● Task to complete
Transcribe, exactly and without pictures, the lines below from the line with "Veja Brand V-10" to the line with "График - классическая", both ends included, and no others.

++++++

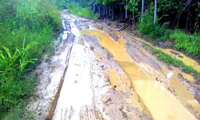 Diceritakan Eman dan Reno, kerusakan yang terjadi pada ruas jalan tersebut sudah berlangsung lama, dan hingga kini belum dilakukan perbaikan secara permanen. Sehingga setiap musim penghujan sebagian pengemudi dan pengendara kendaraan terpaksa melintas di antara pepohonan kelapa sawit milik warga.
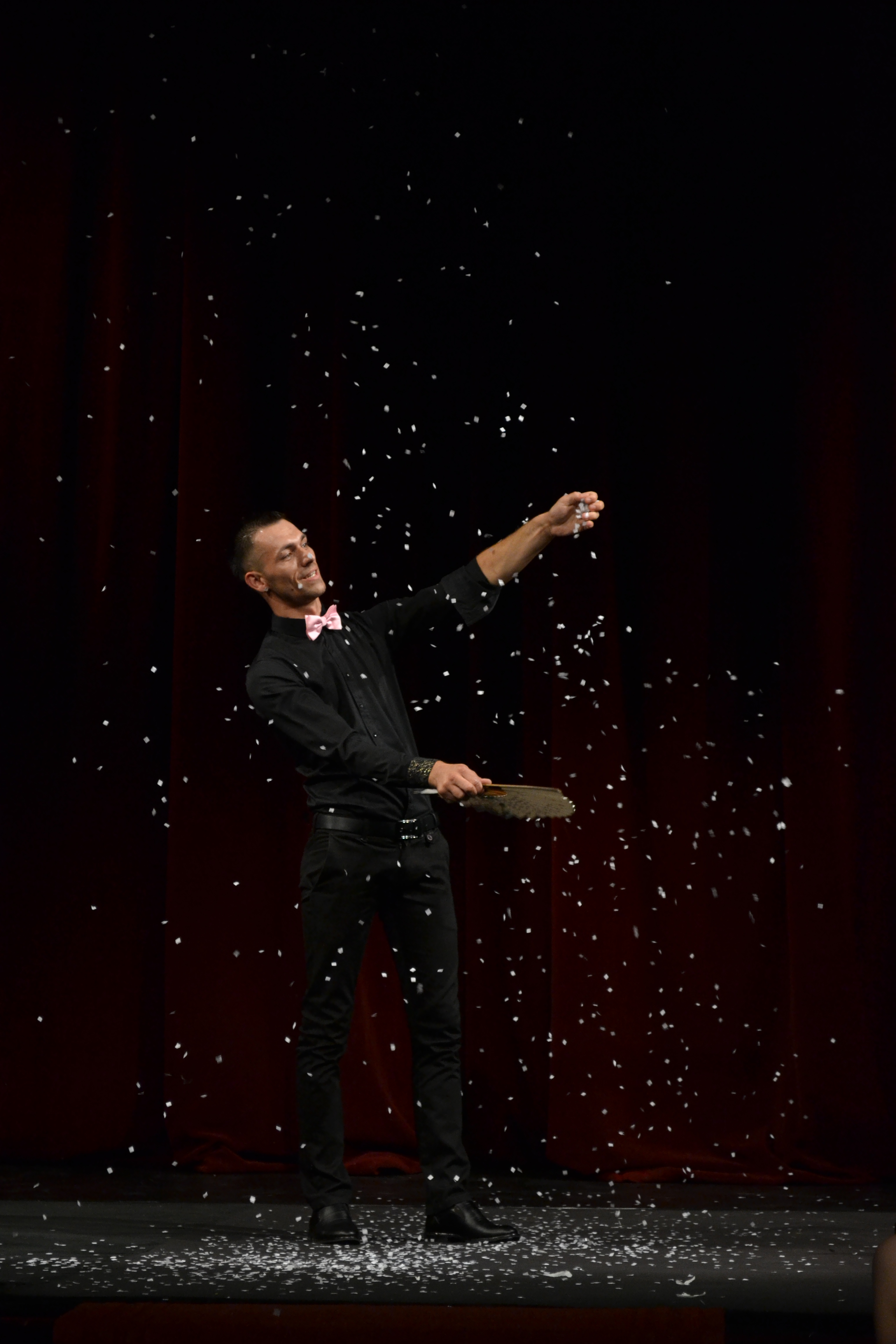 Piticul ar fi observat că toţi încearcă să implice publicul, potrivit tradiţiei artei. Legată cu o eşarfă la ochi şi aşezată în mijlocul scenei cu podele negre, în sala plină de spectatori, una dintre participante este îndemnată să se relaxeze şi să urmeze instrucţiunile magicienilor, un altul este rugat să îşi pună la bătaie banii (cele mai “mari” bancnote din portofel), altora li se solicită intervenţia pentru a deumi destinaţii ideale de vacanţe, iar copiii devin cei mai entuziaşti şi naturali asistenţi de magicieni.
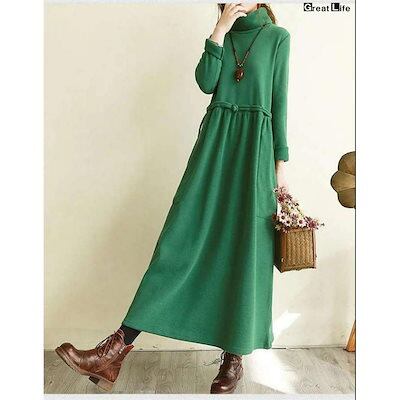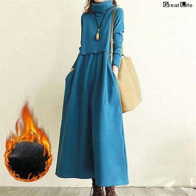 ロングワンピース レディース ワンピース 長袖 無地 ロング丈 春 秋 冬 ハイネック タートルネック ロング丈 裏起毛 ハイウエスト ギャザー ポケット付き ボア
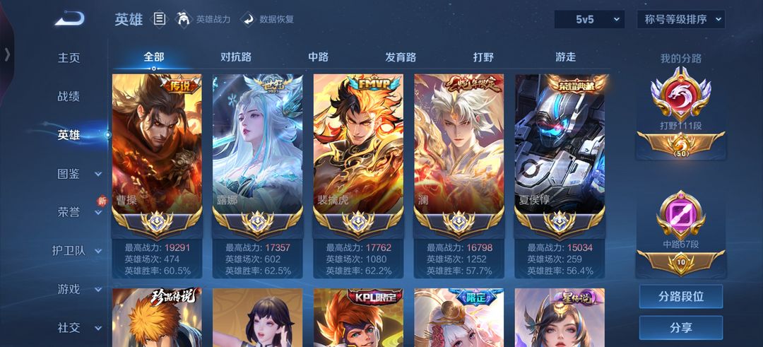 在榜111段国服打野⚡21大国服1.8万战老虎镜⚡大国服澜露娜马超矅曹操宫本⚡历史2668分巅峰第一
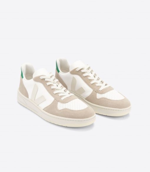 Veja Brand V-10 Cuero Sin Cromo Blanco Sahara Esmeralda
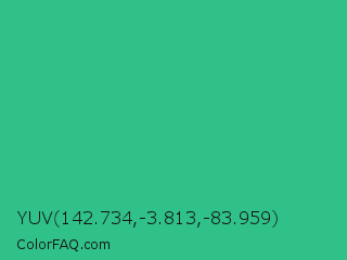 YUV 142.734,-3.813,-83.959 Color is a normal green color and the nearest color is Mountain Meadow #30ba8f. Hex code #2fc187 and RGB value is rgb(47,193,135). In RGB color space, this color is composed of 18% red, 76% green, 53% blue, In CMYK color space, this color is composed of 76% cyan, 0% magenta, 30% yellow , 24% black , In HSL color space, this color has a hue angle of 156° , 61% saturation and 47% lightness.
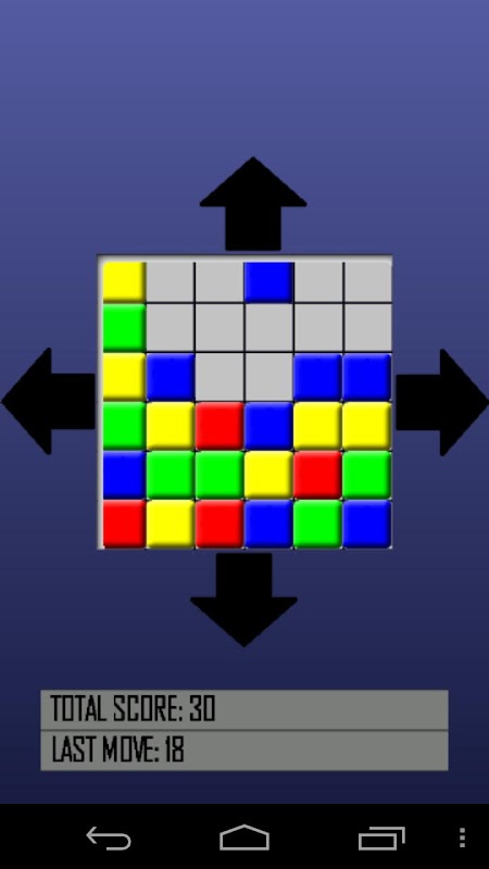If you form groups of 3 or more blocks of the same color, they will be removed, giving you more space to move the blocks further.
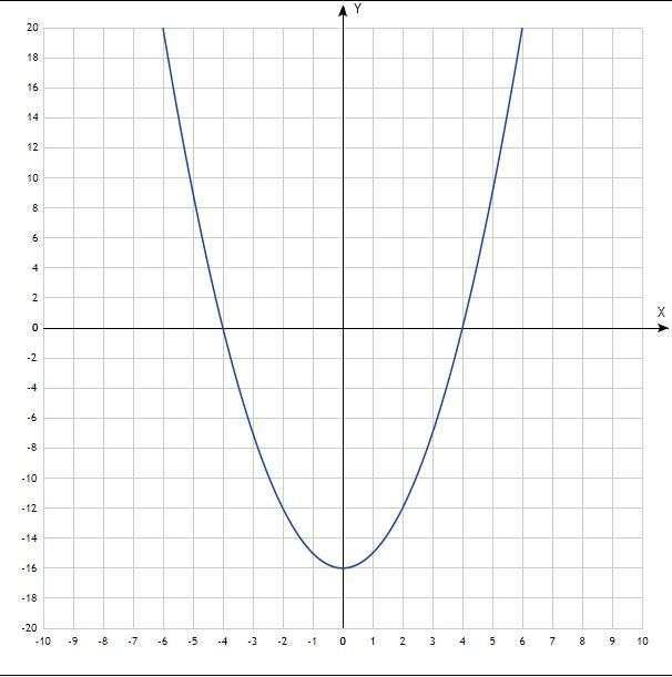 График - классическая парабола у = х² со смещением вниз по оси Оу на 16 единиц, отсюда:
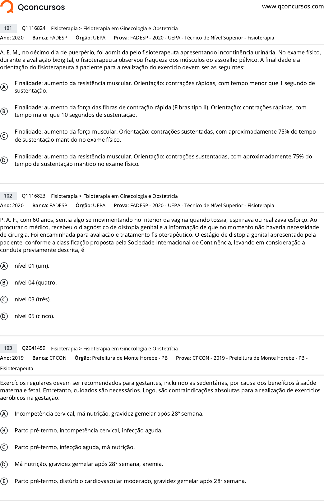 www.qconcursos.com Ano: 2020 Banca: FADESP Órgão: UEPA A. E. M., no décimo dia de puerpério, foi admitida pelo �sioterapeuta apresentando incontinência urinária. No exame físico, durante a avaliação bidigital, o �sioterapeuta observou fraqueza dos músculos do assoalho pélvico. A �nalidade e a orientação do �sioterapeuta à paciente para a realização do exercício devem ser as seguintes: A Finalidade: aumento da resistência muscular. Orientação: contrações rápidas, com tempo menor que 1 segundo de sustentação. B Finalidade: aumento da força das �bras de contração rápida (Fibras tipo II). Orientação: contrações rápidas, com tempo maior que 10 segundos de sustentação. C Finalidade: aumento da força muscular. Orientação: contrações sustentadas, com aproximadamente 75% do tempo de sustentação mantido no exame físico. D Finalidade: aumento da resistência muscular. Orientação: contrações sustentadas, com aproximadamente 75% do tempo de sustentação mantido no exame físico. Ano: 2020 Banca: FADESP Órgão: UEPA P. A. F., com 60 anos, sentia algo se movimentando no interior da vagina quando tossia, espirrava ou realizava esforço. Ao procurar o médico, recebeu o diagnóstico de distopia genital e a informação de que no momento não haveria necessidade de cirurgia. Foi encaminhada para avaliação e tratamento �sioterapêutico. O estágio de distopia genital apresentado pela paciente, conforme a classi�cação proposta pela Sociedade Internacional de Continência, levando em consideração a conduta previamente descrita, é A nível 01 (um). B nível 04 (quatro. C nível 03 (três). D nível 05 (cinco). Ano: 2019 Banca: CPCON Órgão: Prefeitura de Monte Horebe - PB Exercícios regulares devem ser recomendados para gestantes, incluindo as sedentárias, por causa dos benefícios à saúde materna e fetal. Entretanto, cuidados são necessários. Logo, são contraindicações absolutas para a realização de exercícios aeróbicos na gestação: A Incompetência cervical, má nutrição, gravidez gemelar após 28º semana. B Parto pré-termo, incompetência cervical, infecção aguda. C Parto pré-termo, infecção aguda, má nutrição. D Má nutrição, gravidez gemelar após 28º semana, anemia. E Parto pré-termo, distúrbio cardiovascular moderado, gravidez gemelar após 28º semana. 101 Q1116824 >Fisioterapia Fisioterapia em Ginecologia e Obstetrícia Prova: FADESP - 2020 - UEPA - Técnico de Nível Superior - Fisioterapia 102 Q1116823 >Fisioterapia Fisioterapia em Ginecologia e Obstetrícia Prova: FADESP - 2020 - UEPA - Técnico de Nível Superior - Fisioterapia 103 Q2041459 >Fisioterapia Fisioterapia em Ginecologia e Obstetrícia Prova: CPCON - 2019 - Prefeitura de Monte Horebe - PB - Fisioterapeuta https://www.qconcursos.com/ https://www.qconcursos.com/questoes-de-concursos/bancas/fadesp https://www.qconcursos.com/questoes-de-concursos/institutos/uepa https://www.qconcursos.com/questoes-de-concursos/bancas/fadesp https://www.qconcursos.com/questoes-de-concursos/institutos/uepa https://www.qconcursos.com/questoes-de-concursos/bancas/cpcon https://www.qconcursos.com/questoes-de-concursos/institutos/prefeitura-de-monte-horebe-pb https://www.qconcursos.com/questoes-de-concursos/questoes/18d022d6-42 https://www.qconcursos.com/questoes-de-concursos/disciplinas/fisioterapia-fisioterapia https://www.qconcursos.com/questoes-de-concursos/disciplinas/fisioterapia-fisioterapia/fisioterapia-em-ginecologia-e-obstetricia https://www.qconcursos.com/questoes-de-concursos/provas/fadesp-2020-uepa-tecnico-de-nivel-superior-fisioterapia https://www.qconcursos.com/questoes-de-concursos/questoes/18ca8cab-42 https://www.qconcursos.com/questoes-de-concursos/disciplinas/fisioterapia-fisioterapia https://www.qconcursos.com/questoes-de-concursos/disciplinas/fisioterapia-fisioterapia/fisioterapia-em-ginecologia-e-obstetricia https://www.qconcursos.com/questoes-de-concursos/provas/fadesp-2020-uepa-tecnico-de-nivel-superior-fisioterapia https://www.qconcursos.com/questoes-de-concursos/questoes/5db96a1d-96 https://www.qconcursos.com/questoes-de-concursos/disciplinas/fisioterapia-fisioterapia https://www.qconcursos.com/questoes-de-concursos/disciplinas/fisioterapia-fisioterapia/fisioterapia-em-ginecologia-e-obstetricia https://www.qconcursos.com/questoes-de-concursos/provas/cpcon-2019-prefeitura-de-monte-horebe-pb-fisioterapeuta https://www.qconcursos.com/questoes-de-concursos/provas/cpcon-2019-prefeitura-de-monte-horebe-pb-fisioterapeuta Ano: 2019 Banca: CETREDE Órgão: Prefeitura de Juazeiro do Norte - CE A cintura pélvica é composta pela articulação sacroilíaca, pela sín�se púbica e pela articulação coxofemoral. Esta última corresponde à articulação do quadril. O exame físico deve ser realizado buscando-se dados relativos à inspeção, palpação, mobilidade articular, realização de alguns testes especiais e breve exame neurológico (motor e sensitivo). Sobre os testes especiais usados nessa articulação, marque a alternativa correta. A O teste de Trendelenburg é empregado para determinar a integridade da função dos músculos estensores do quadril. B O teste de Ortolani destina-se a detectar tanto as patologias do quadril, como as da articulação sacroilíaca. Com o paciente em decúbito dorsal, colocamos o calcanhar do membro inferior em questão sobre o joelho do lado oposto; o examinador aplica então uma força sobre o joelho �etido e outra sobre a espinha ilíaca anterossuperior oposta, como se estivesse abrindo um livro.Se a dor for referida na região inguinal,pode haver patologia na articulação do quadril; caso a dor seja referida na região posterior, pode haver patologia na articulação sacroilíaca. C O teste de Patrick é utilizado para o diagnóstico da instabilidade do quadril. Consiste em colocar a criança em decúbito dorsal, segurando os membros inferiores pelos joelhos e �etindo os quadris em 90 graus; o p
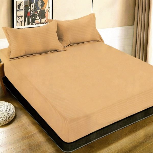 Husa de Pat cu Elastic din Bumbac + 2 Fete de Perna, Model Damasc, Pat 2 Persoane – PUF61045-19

++++++

● Exercise solution
 Veja Brand V-10 Cuero Sin Cromo Blanco Sahara Esmeralda
 YUV 142.734,-3.813,-83.959 Color is a normal green color and the nearest color is Mountain Meadow #30ba8f. Hex code #2fc187 and RGB value is rgb(47,193,135). In RGB color space, this color is composed of 18% red, 76% green, 53% blue, In CMYK color space, this color is composed of 76% cyan, 0% magenta, 30% yellow , 24% black , In HSL color space, this color has a hue angle of 156° , 61% saturation and 47% lightness.
If you form groups of 3 or more blocks of the same color, they will be removed, giving you more space to move the blocks further.
 График - классическая парабола у = х² со смещением вниз по оси Оу на 16 единиц, отсюда:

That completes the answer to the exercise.